Pandemic

Elementary School Calls Cops on 4-Year-Old for Violating Mask Mandate

In the Bay Area and in Los Angeles County, authorities are quickly learning there's little public will to follow their mandates.

|

Last week, a Bay Area principal called the cops on a 4-year-old student who tried to attend Theuerkauf Elementary School without a mask on, in violation of Mountain View Whisman School District's policy.

"I'm going to have to have him removed from campus if you don't leave at this time," the principal, Michelle Williams, can be seen telling the student's father, Shawn, who has asked media organizations to withhold his last name for privacy. The school then called an officer to intervene. In another clip, the school resource officer seems sympathetic to both parties but must do the school district's bidding. Though there is no statewide mandate in place, and many area school districts have different policies, this district had decided that all students must mask in order to attend for the fall.

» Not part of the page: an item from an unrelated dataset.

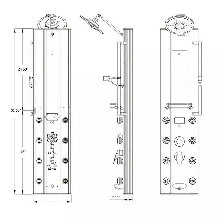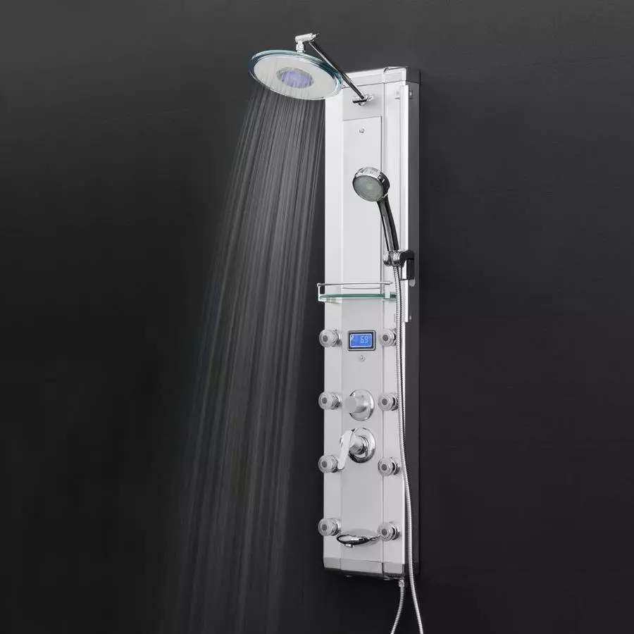Slimline luxury shower panel has built-in LED overhead rainfall showerhead, adjustable high-powered body massage jets, tub spout and high-efficiency LED handheld shower wand and mirror

Shawn had anticipated that his family's decision not to mask would be a problem and contacted school officials in advance of the fall term starting.

"I was looking for accessibility options," Shawn told Fox & Friends First. "The only thing I got back from the principal was a cut-and-paste response." Other school district officials told him that schooling is compulsory in the state starting at age 6; since Shawn's son is 4, he doesn't need to attend.

"This parent worked with an advocacy group outside Mountain View to create a professional video in order to nationally shame a public servant doing her job while maintaining a safe and orderly school," Superintendent Ayindé Rudolph said in a statement sent to parents, not acknowledging that masking 4-year-olds may do more harm than good.

After this incident went viral last week, the school district on Thursday revoked their policy, admitting no wrongdoing and instead cloaking their call in language about how local COVID transmission rates have for now declined enough to put an end to the mandate. Shawn's son was allowed to attend school.

This mandate reversal has echoes of a similar situation that just transpired in Los Angeles County. In mid-July, L.A. County's Barbara Ferrer, the director of the Department of Public Health, announced that universal indoor masking might need to be mandated if COVID transmission rates rise to a "high" level, determined by the authorities as 10 new weekly hospital admissions per 10,000 residents. L.A. County entered this "high" transmission level on July 14, but the Beverley Hills City Council immediately voted not to enforce any mandates if imposed from on high, and Ferrer quickly cooled her jets.

The unpopular mandate had been slated to go into effect on July 29. "It's reasonable to assume that the recent decline we have seen in cases will lead to continued decreases in hospital admissions over the next couple of weeks," Ferrer said July 28, suddenly optimistic, having recently dropped plans for the mandate. (L.A. County technically remained at a "high" transmission level until August 11.)

In both Mountain View and Los Angeles, the mask enforcers won't simply admit that there's little public will to follow these mandates, that they look weak and ineffective if people refuse to obey.

When dropping plans to institute mandates, Ferrer, Rudolph, and other decision makers rarely admit that they were wrong to impose coercive mandates on a largely vaccinated and low-risk general public. They instead claim it's the case counts that have gone down. Since the situation has changed, they say, the mandate is no longer necessary, leaving themselves a little bit of room to reimpose masking at a later date if they deem it appropriate.

Given what we know about how COVID works more than 30 months into this pandemic, armed with vaccines, Paxlovid, and an understanding that this virus does not do much harm to our very youngest, many parents might say kid-masking is never appropriate, contra California's insistent health enforcement apparatus.